Commitment Maintenance
•Commitments are maintained using a maintenance condition that is associated with each commitment.
BELIEF(has(?food)) => COMMIT(Self, Now, BELIEF(true), eat(?food))
•This condition outlines what must remain true for the agent to keep the commitment (like terms and conditions and a contract).
• In the above example, the maintenance condition will always be true. This is sometimes known as blind commitment.
• The maintenance condition is evaluated at each time point.
• If the condition becomes false at any time point, then the commitment is said to have “failed”.

Key AF-APL Agent Concepts
• Agent = Mental State + Commitment Rules + Embodiment Config. • Mental State:
•Beliefs. Subjective knowledge about the current state of the environment.
• Commitments. Mental contract describing which activity, at what time, for whom, and under what conditions.
• Activities may be either primitive actions or plans (SEQ, OR, PAR). • Commitment Rules:
•Map situations (possible environment states) to commitments that should be adopted should the situation arise.
• Embodiment Configuration
• Perceptors.

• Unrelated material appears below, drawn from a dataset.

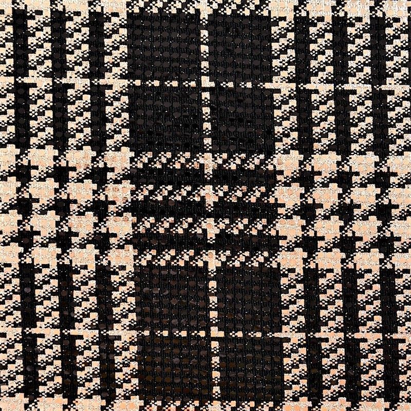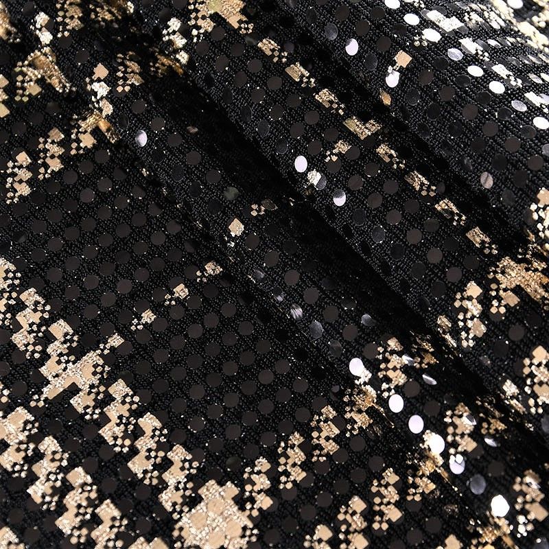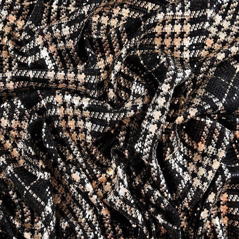 Трикотажное черное полотно золотистым геометрическим узором и деликатными прозрачными круглыми пайетками. Декор накатан на основу, поэтому будет комфортен в носке. Ткань пластичная, прекрасно драпируется и укладывается в складки, легко садится по фигуре за счёт основы с эластаном, не прозрачная, позволит шить изделия без подклада. Идеально подойдет для пошива нарядных вечерних образов: платья, юбки, топа, туники, широких брюк, жакета, кардигана.

Computational units that convert raw data into beliefs.
•Actuators. Computational units that define how to realise primitive actions.

Representing Activities
•Activities describe what the agent can do:
•Actions. Primitive abilities that are directly executable by the agent. • Plans. A recipe that consists of a partially ordered set of activities.
•AF-APL supports the definition of actions and explicit plans.
•Actions are defined in the constructor of the associated actuator unit. The definition consists of:
Unique identifier Pre-condition Post-condition
eat(?food), BELIEF(has(?food)) (not used).
•Explicit plans are defined within the activity field of a commitment. They take the form of a plan operator (SEQ or PAR for AF-APL) together with a list of activities that may be either additional plan operators or actions.
SEQ(PAR(boilWater, addCoffee), pourWater, PAR(addSugar, addMilk))

Commitment States

Commitment Realisation & Refinement
•At some point in time, the agent will try to fulfill its commitments.
•Commitments to action are fulfilled through actuator activation. • The agent finds the corresponding actuator and activates it.
• If not corresponding actuator exists, then the commitment fails.
•Commitments to plans are fulfilled through commitment refinement. •The agent adopts a set of secondary commitments that correspond to the
activities specified in the plan.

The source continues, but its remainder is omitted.